WHAT YOU SHOULD DO: Each line of the data below goes into the copy exactly; pictures do not.

GIVEN INFORMATION:

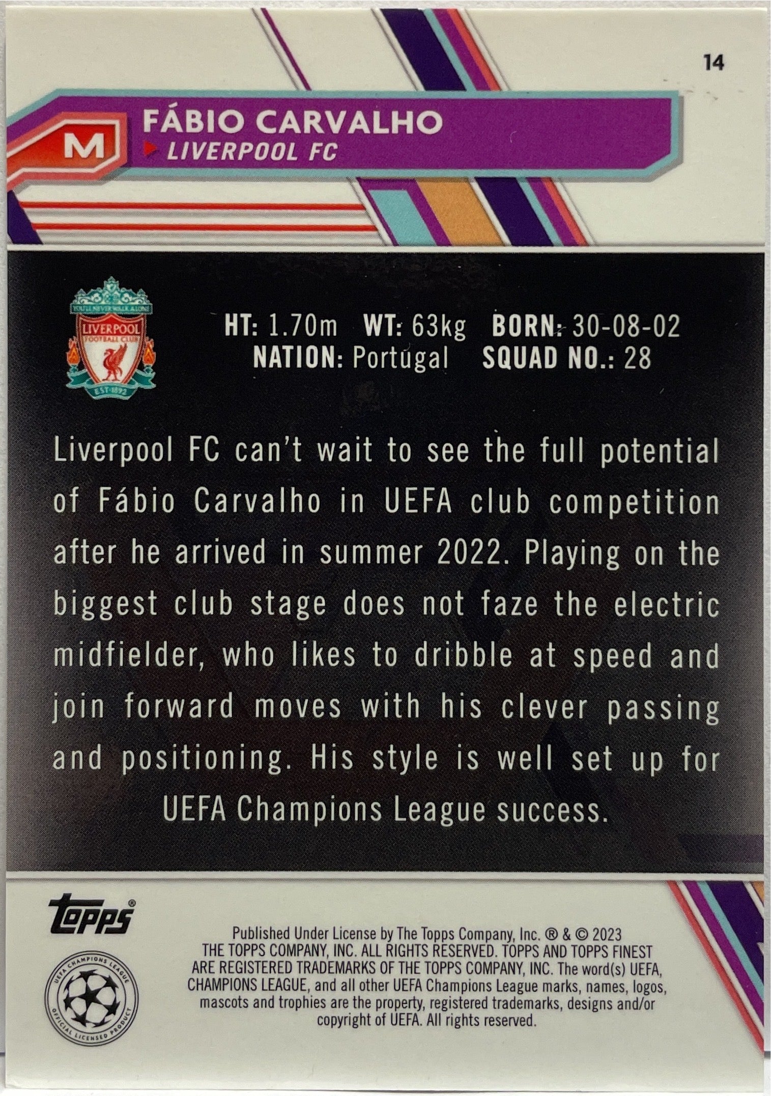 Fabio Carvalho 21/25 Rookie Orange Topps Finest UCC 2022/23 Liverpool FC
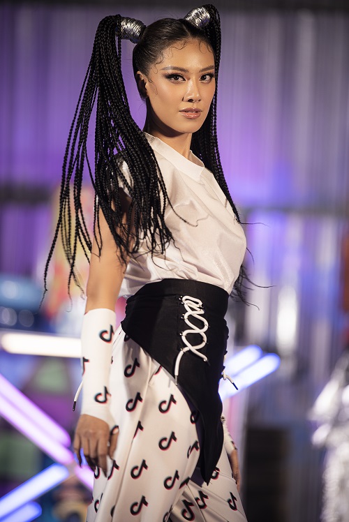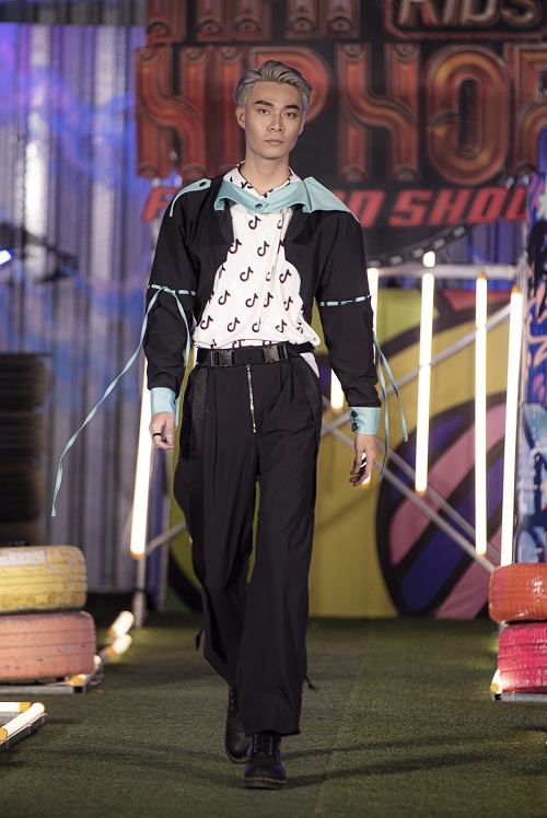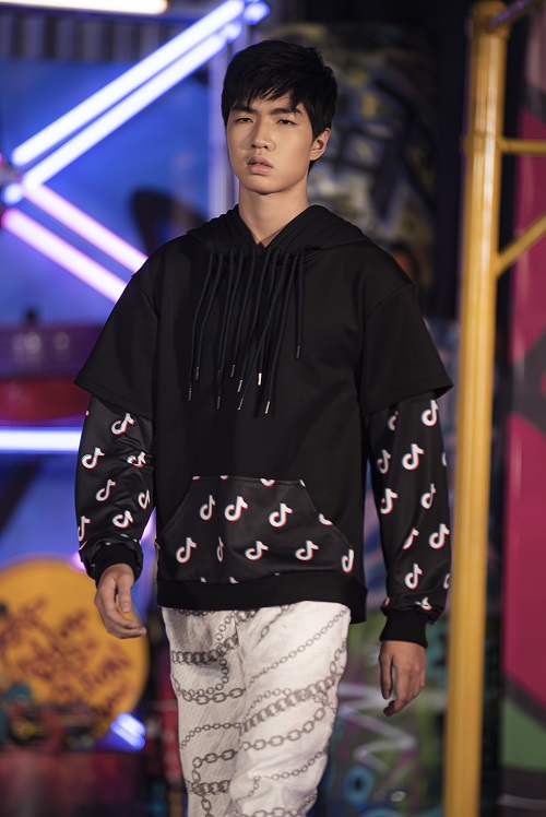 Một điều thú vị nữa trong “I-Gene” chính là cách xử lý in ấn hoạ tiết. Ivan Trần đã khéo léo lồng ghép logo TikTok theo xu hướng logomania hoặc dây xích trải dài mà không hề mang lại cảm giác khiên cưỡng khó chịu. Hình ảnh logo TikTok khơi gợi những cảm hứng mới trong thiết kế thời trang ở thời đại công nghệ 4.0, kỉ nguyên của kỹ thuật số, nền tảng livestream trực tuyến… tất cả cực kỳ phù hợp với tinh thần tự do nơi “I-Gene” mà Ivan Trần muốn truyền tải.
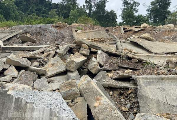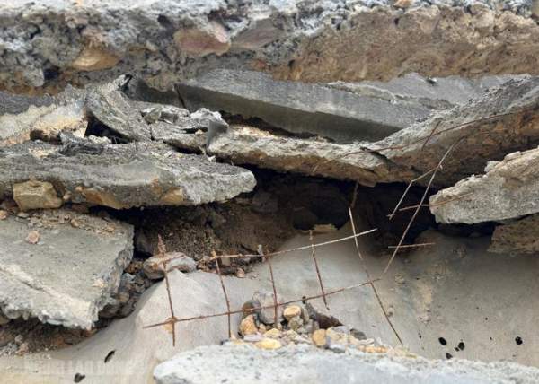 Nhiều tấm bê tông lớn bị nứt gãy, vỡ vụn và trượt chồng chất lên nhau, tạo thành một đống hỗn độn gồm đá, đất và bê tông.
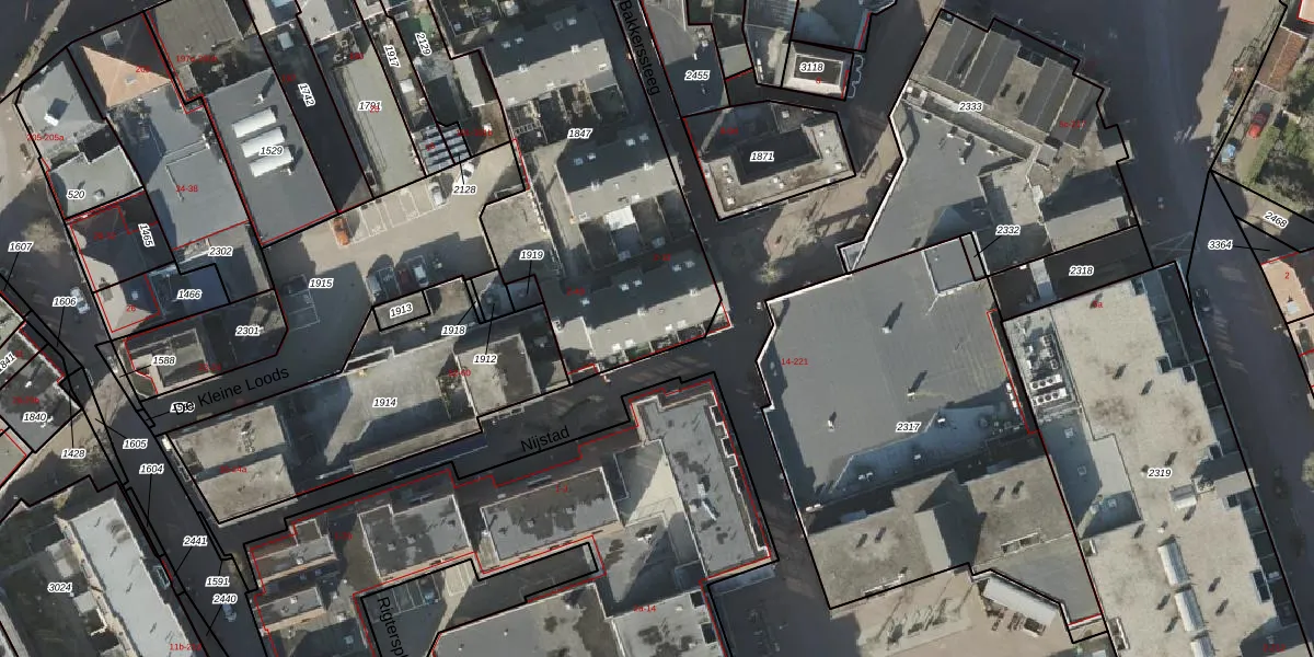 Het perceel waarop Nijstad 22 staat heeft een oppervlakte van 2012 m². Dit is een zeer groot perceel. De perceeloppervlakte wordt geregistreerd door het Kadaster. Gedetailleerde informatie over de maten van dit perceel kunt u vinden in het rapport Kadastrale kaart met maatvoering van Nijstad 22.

ANSWER TO THE PROBLEM:
 Fabio Carvalho 21/25 Rookie Orange Topps Finest UCC 2022/23 Liverpool FC
 Một điều thú vị nữa trong “I-Gene” chính là cách xử lý in ấn hoạ tiết. Ivan Trần đã khéo léo lồng ghép logo TikTok theo xu hướng logomania hoặc dây xích trải dài mà không hề mang lại cảm giác khiên cưỡng khó chịu. Hình ảnh logo TikTok khơi gợi những cảm hứng mới trong thiết kế thời trang ở thời đại công nghệ 4.0, kỉ nguyên của kỹ thuật số, nền tảng livestream trực tuyến… tất cả cực kỳ phù hợp với tinh thần tự do nơi “I-Gene” mà Ivan Trần muốn truyền tải.
 Nhiều tấm bê tông lớn bị nứt gãy, vỡ vụn và trượt chồng chất lên nhau, tạo thành một đống hỗn độn gồm đá, đất và bê tông.
 Het perceel waarop Nijstad 22 staat heeft een oppervlakte van 2012 m². Dit is een zeer groot perceel. De perceeloppervlakte wordt geregistreerd door het Kadaster. Gedetailleerde informatie over de maten van dit perceel kunt u vinden in het rapport Kadastrale kaart met maatvoering van Nijstad 22.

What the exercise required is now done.